简体   繁体   中英

How to write several implementation of the same method that have a different signature

I have several implementation of the same method SetRateForMeasure :

package repartition

type Repartition interface {
    Name() string
    Compute(meters []models.Meter, totalsProd, totalsConso map[string]float64) []models.Meter
    SetRateForMeasure(meter models.Meter, measure models.Measure, total float64) float64
}

Then, in my code (in repartition.go), I call it:

rate := repartition.SetRateForMeasure(meter, measure, total)

where repartition is the interface defined before.

Thing is, when I add a new implementation of this method, the arguments of my functions might differ.

For example, the static repartition use a static percentage that is only used in this case.

I end up adding parameters so that I have a common interface to all methods, but it results that there is a lot of unused parameters depending on the implementation.

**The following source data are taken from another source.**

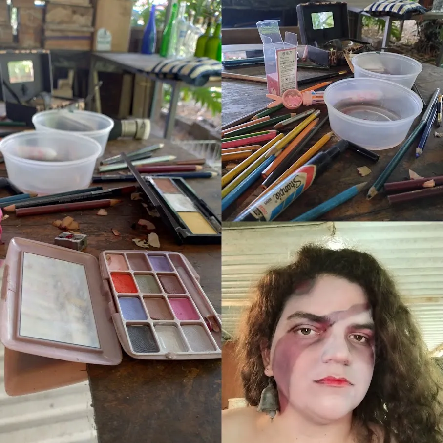 Mi kit de maquillaje para este proyecto estaba conformado por un lápiz negro delineador de ojos, un lápiz rojo delineador de labios y un par de paletas pequeñitas y superbásicas de sombras (que llevan demasiados años en mi armario), además un labial medio machucado, una tinta de labios y un rubor. Hasta ahí estos elementos eran adecuados o medianamente adecuados para ser usados en la piel, pero me faltaban matices, así que recurrí a mis lápices de colores. Sí, una apuesta un poco arriesgada, pero de niña me hacía tatuajes dibujando en mi piel con los lápices de colores (claro, mojando la punta en agua) y nunca me pasó nada.
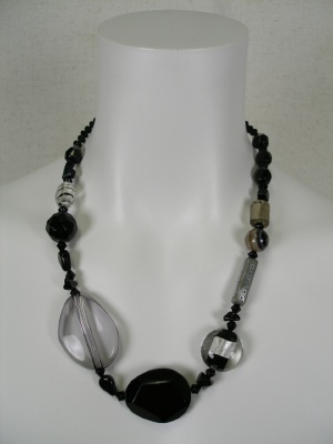 グラスビーズと合成樹脂ビーズのネックレス。
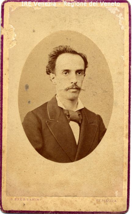Ritratti: in studio; mezzo busto; in semi profilo - Uomo: con baffi - Vestiario: giacca scura, camicia bianca, cravattino - Sfondo
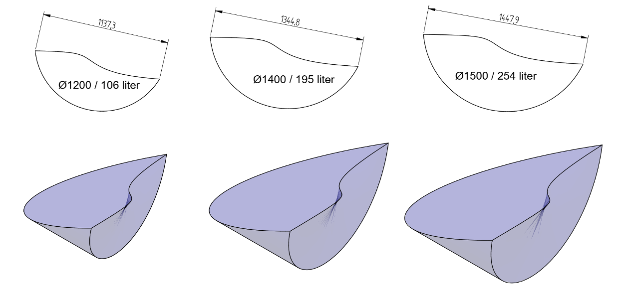 Tõusukruvi kambrite mõõdud ja mahtuvus:
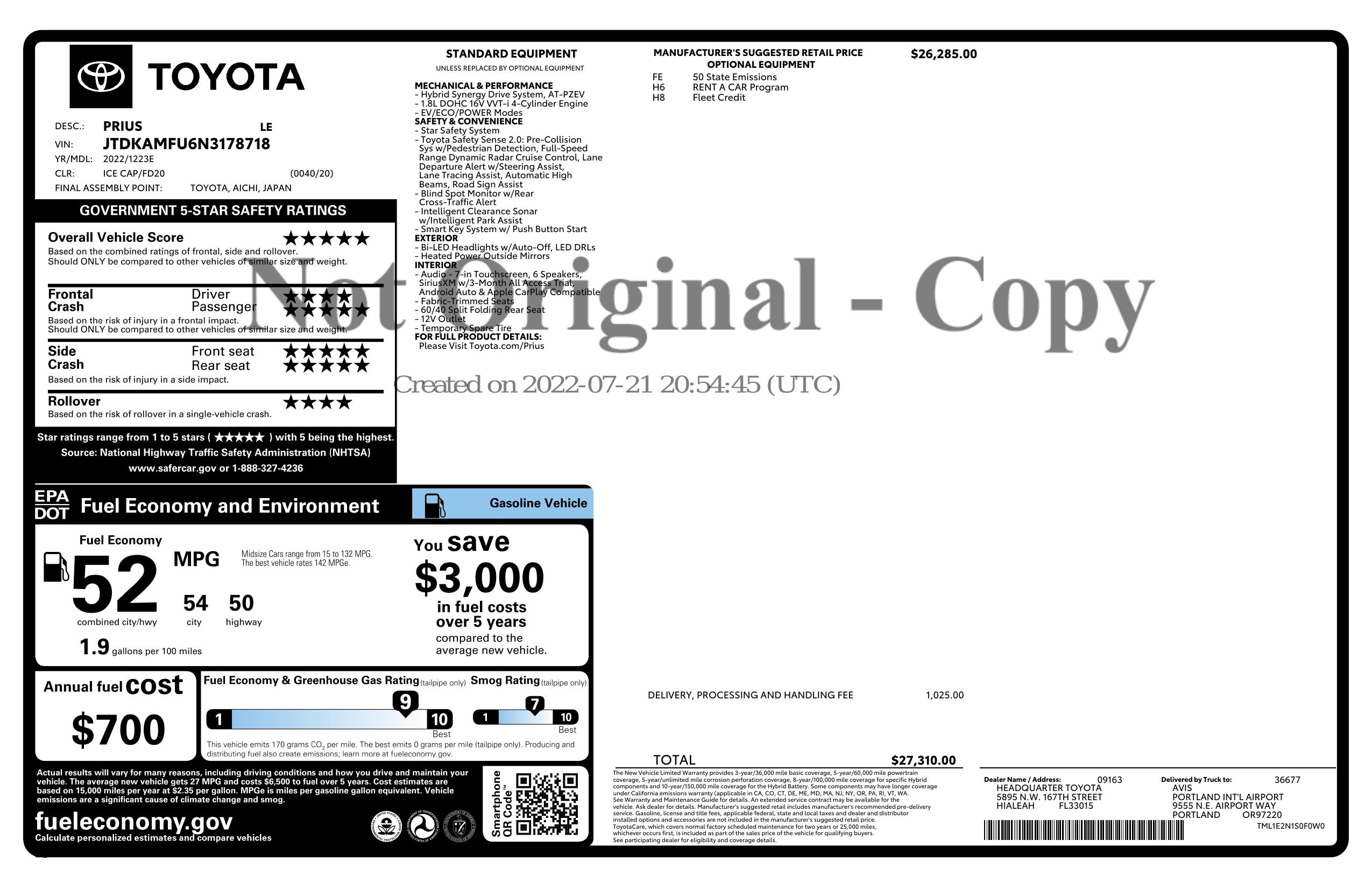 2022 Toyota Prius (Natl)

If I add it to common interface, it will be unused for the other definitions.

I tried to remove this method from my interface definition, but now

rate := repartition.SetRateForMeasure()

is no more defined.

How should I organize my code?

There is no function overloading in Go, so you cannot declare the same function with different arguments. There's a few ways you can implement this though:

  • You can add multiple functions with different names and signatures
  • You can change the function to accept a struct instead of arguments
SetRateForMeasure(args SetRateOptions) float64

type SetRateOptions struct {
 Meter models.Meter
 Measure models.Measure
 Total float64
 Percentage *float64 // If nil, use default percentage
 ... // more parameters as needed
}

Go doesn't support method overriding. You either define methods with different names that take different parameters or you can declare the method to accept a parameter struct.

type SetRateParams struct {
    Meter    models.Meter
    Measure  models.Measure
    Total    float64
}

type Repartition interface {
    SetRateForMeasure(params SetRateParams) float64
}

Optionally, you can declare params in your structs as pointers, so you can represent "not-provided" semantics with nil instead of using the zero-value. This might be relevant in case of numerical params where 0 could be a valid value.

Using a struct param has also the advantage that you don't have to change all the call sites in case you decide to add an additional param 6 months from now (you just add it to the struct).

There are also worse solutions with interface{} varargs, for the sake of stating what is possible, but unless you loathe type safety, I wouldn't recommend that.